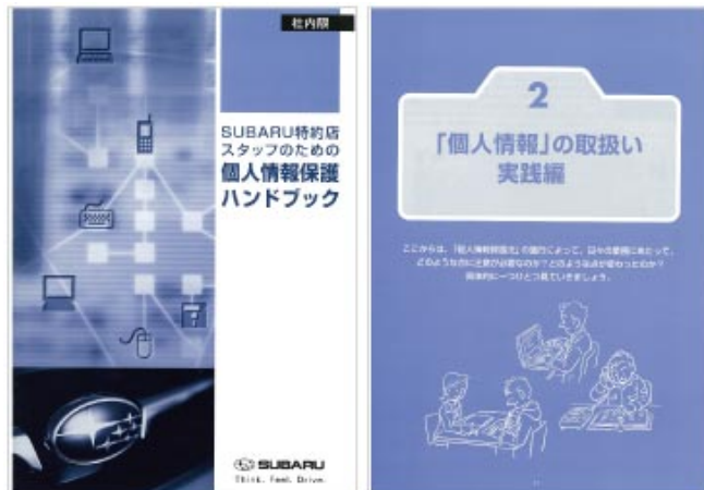
Handbook for SUBARU Dealer Staff

Since Subaru dealers in Japan handle a wide range of customer information, we have reviewed the compliance of each of the 44 dealers, including affiliated companies, with our rules and created a Personal Information Protection Handbook for Subaru Dealers. In this way, we are working to ensure that all employees understand the importance of protecting personal information.
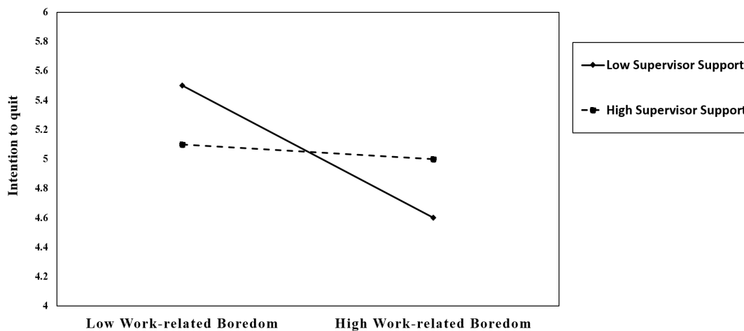
Figure 2. The Plotted Interaction of the Moderating Effect of Supervisor Support in the Relationship Between Work-Related Boredom and Intention to Quit
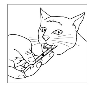
Shake well for 15 seconds before use
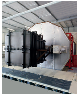
Shuttle rotational molding machine with 2 offset arms "C" - Rotomolding of polyethylene parts - Plastics
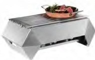
Diamond Multi-Chef™ Stainless Steel 10” Kit
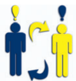
Learn & Share Knowledge
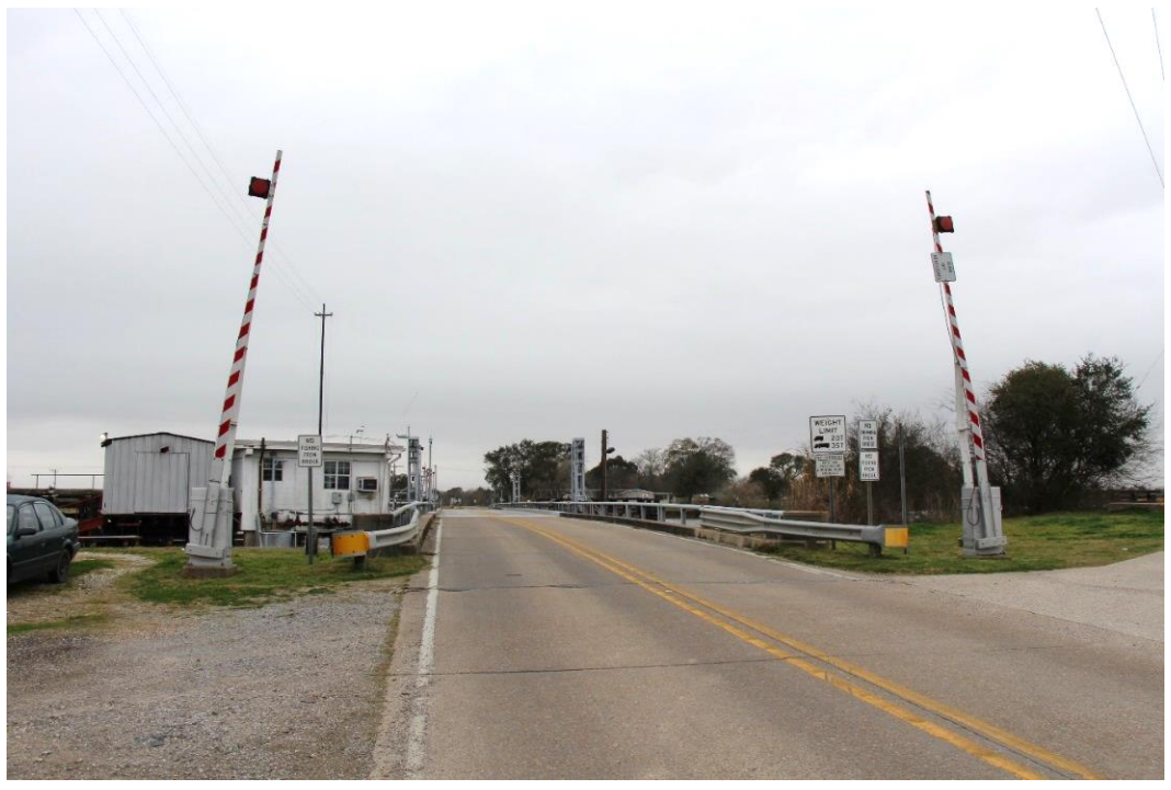
Condition Photo 3: Traffic warning gates and signals at the east approach roadway.
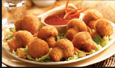
BREADED MUSHROOM #801602, 6/2.5 LB
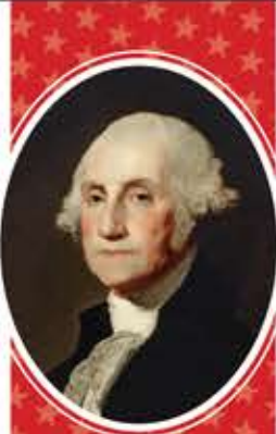
George Washington's Life

1732 George Washington is born on February 22 in Westmoreland County, in the colony of Virginia.
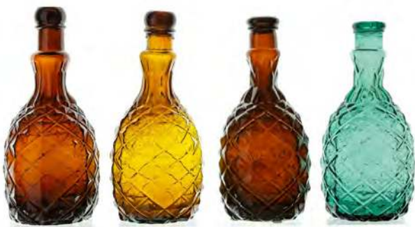
Figural Pineapples Bill Taylor Collection
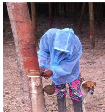
Figure 6a. Engagement of migrant workers by research team; 6b. Reducing risk of vector-borne diseases in a rubber worker using a repellent-impregnated jacket.
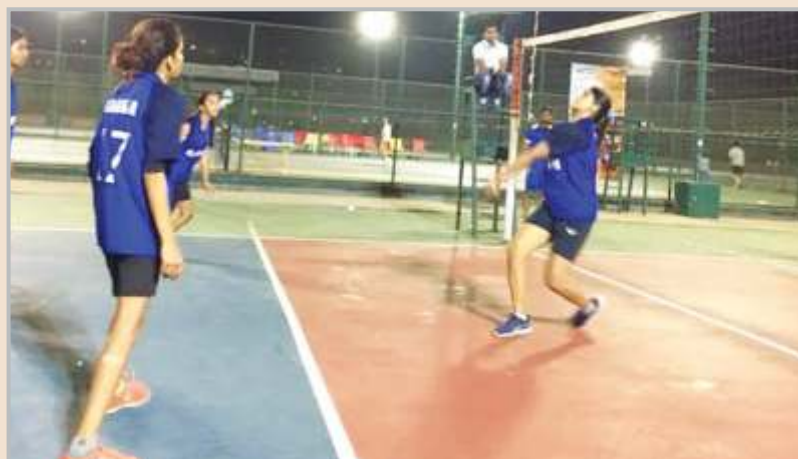
Women's Volleyball Team at Magnus
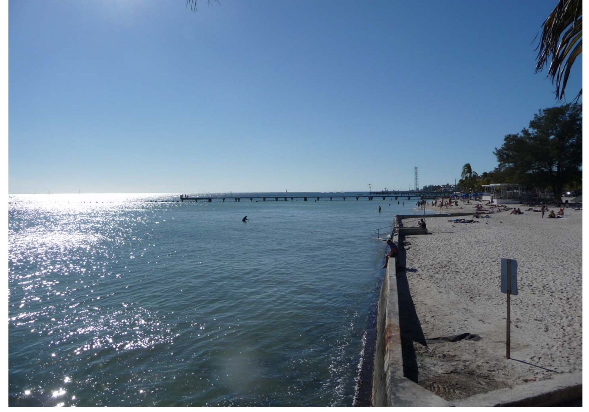
South Beach located by the West Martello Tower.
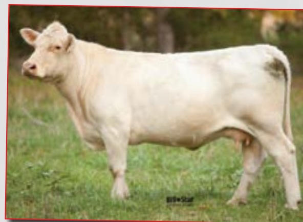
Dam of Lot 32

This female is out of the 3070 donor that Suttles Charolais added to their herd through this sale a couple of years ago. 3070 is a full sib to the 2419 donor for Polzin, both daughters of the great donor RC Ms Bud 418, the full sister to RC Budsmydad. 696A is a stout, rugged, massive bodied type of female. Outstanding pedigree and bred to an outstanding bull.
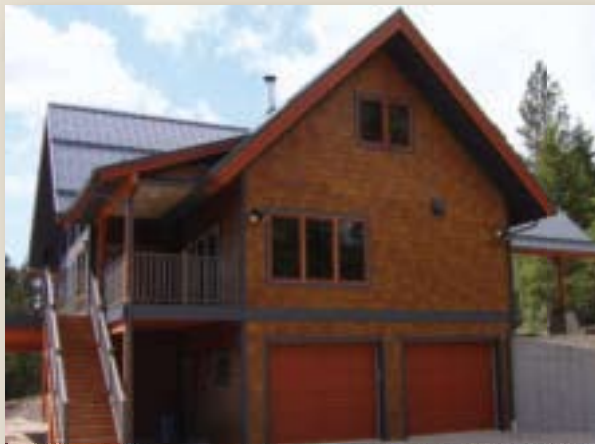
Sierra Premium™ Shake - Mahogany
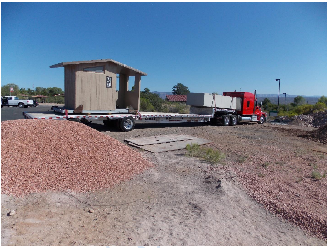
New Trail Head Restroom Being Delivered for Installtion by The Grounds Team
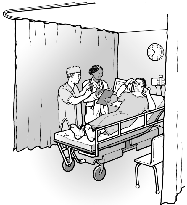
A doctor uses a sign language interpreter to communicate with a patient who is deaf.

Hospitals should have arrangements in place to ensure that qualified interpreters are readily available on a scheduled basis and on an unscheduled basis with minimal delay, including on-call arrangements for after-hours emergencies. Larger facilities may choose to have interpreters on staff.
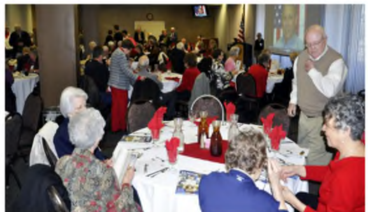
February Luncheon meeting
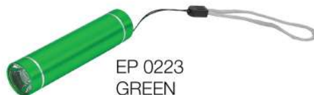
EP 0223 GREEN
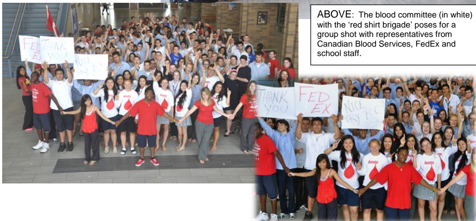
ABOVE and RIGHT: 160 of St. Joseph's blood donors gather to form a giant a 'blood drop' to celebrate their accomplishment and for a friendly taunt to their rivals in British Columbia.
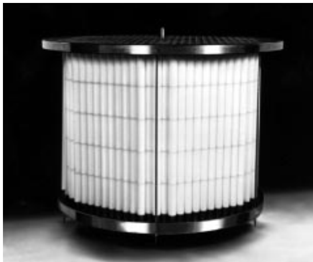
HGPPB also offered in tubesheet and cage designs.

This information is with water at ambient temperatures. Differential pressures are in PSID based on flow in GPM through a 10" (25.4 cm) element.
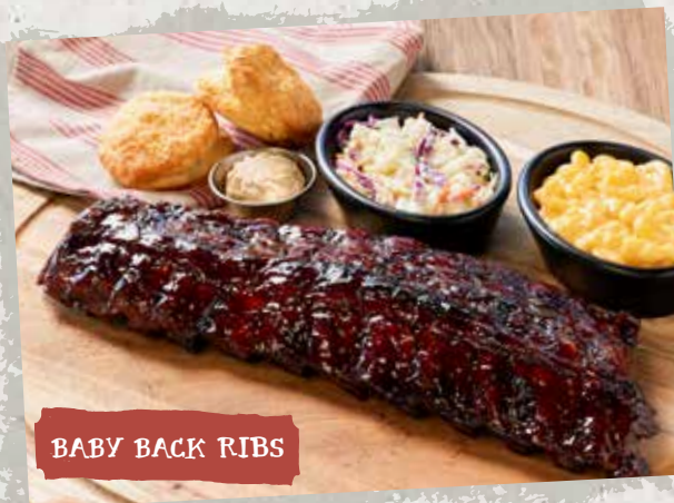
BABY BACK RIBS

✂️ WE HAND-CARVE OUR MEATS TO ORDER BECAUSE WE BELIEVE A LITTLE EXTRA CARE MAKES FOR THE MOST TENDER, SUCCULENT CUTS OF MEAT.
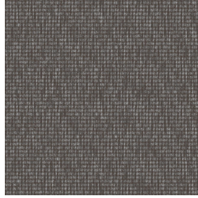
FLOT Taupe 95 Print pattern
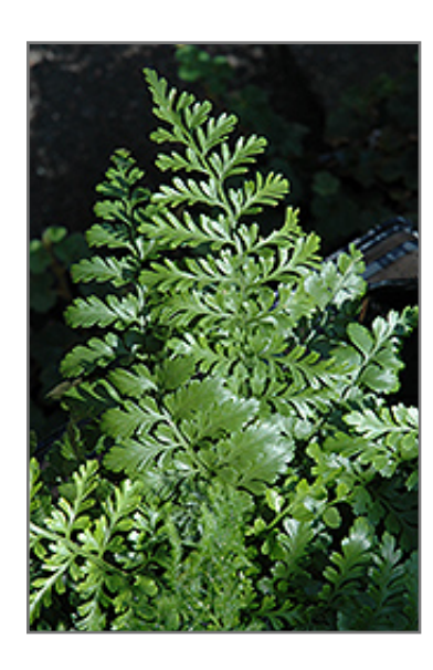
Austral Gem Bird's Nest Fern foliage

When grown indoors, Austral Gem Bird's Nest Fern can be expected to grow to be about 18 inches tall at maturity, with a spread of 18 inches. It grows at a slow rate, and under ideal conditions can be expected to live for approximately 15 years. This houseplant performs well in both bright or indirect sunlight and strong artificial light, and can therefore be situated in almost any well-lit room or location. It prefers to grow in average to moist soil. The surface of the soil shouldn't be allowed to dry out completely, and so you should expect to water this plant once and possibly even twice each week. Be aware that your particular watering schedule may vary depending on its location in the room, the pot size, plant size and other conditions; if in doubt, ask one of our experts in the store for advice. It is particular about its soil conditions, with a strong preference for rich, acidic soil. Contact the store for specific recommendations on pre-mixed potting soil for this plant. Be warned that parts of this plant are known to be toxic to humans and animals, so special care should be exercised if growing it around children and pets.
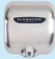
Model XL-SB Surface-mounted, Automatic, Brushed Stainless Steel Cover

Note: Custom Colors Available (visit our web site for more information)
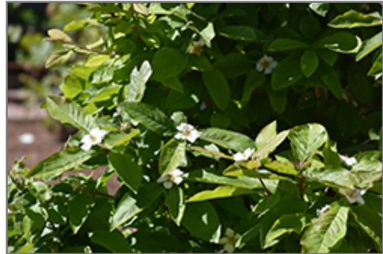
Marron Medlar flowers

Marron Medlar is clothed in stunning white cup-shaped flowers at the ends of the branches in mid spring. It has green deciduous foliage. The fuzzy pointy leaves turn red in fall. The fruits are showy coppery-bronze hips which fade to dark brown over time, which are carried in abundance from mid summer to mid fall.
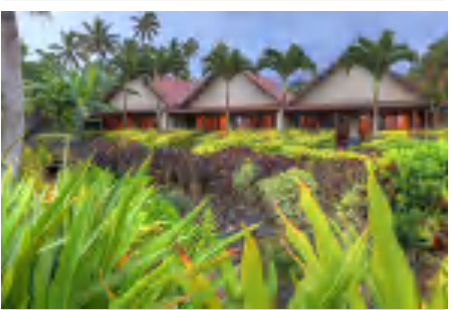
LAGOON VIEW VILLAS

○ ○ ○ ○ ○ ○ ○

[Activity] Omit the pictures; print the records above exactly.

[Problem solution]
Handbook for SUBARU Dealer Staff

Since Subaru dealers in Japan handle a wide range of customer information, we have reviewed the compliance of each of the 44 dealers, including affiliated companies, with our rules and created a Personal Information Protection Handbook for Subaru Dealers. In this way, we are working to ensure that all employees understand the importance of protecting personal information.
Figure 2. The Plotted Interaction of the Moderating Effect of Supervisor Support in the Relationship Between Work-Related Boredom and Intention to Quit
Shake well for 15 seconds before use
Shuttle rotational molding machine with 2 offset arms "C" - Rotomolding of polyethylene parts - Plastics
Diamond Multi-Chef™ Stainless Steel 10” Kit
Learn & Share Knowledge
Condition Photo 3: Traffic warning gates and signals at the east approach roadway.
BREADED MUSHROOM #801602, 6/2.5 LB
George Washington's Life

1732 George Washington is born on February 22 in Westmoreland County, in the colony of Virginia.
Figural Pineapples Bill Taylor Collection
Figure 6a. Engagement of migrant workers by research team; 6b. Reducing risk of vector-borne diseases in a rubber worker using a repellent-impregnated jacket.
Women's Volleyball Team at Magnus
South Beach located by the West Martello Tower.
Dam of Lot 32

This female is out of the 3070 donor that Suttles Charolais added to their herd through this sale a couple of years ago. 3070 is a full sib to the 2419 donor for Polzin, both daughters of the great donor RC Ms Bud 418, the full sister to RC Budsmydad. 696A is a stout, rugged, massive bodied type of female. Outstanding pedigree and bred to an outstanding bull.
Sierra Premium™ Shake - Mahogany
New Trail Head Restroom Being Delivered for Installtion by The Grounds Team
A doctor uses a sign language interpreter to communicate with a patient who is deaf.

Hospitals should have arrangements in place to ensure that qualified interpreters are readily available on a scheduled basis and on an unscheduled basis with minimal delay, including on-call arrangements for after-hours emergencies. Larger facilities may choose to have interpreters on staff.
February Luncheon meeting
EP 0223 GREEN
ABOVE and RIGHT: 160 of St. Joseph's blood donors gather to form a giant a 'blood drop' to celebrate their accomplishment and for a friendly taunt to their rivals in British Columbia.
HGPPB also offered in tubesheet and cage designs.

This information is with water at ambient temperatures. Differential pressures are in PSID based on flow in GPM through a 10" (25.4 cm) element.
BABY BACK RIBS

✂️ WE HAND-CARVE OUR MEATS TO ORDER BECAUSE WE BELIEVE A LITTLE EXTRA CARE MAKES FOR THE MOST TENDER, SUCCULENT CUTS OF MEAT.
FLOT Taupe 95 Print pattern
Austral Gem Bird's Nest Fern foliage

When grown indoors, Austral Gem Bird's Nest Fern can be expected to grow to be about 18 inches tall at maturity, with a spread of 18 inches. It grows at a slow rate, and under ideal conditions can be expected to live for approximately 15 years. This houseplant performs well in both bright or indirect sunlight and strong artificial light, and can therefore be situated in almost any well-lit room or location. It prefers to grow in average to moist soil. The surface of the soil shouldn't be allowed to dry out completely, and so you should expect to water this plant once and possibly even twice each week. Be aware that your particular watering schedule may vary depending on its location in the room, the pot size, plant size and other conditions; if in doubt, ask one of our experts in the store for advice. It is particular about its soil conditions, with a strong preference for rich, acidic soil. Contact the store for specific recommendations on pre-mixed potting soil for this plant. Be warned that parts of this plant are known to be toxic to humans and animals, so special care should be exercised if growing it around children and pets.
Model XL-SB Surface-mounted, Automatic, Brushed Stainless Steel Cover

Note: Custom Colors Available (visit our web site for more information)
Marron Medlar flowers

Marron Medlar is clothed in stunning white cup-shaped flowers at the ends of the branches in mid spring. It has green deciduous foliage. The fuzzy pointy leaves turn red in fall. The fruits are showy coppery-bronze hips which fade to dark brown over time, which are carried in abundance from mid summer to mid fall.
LAGOON VIEW VILLAS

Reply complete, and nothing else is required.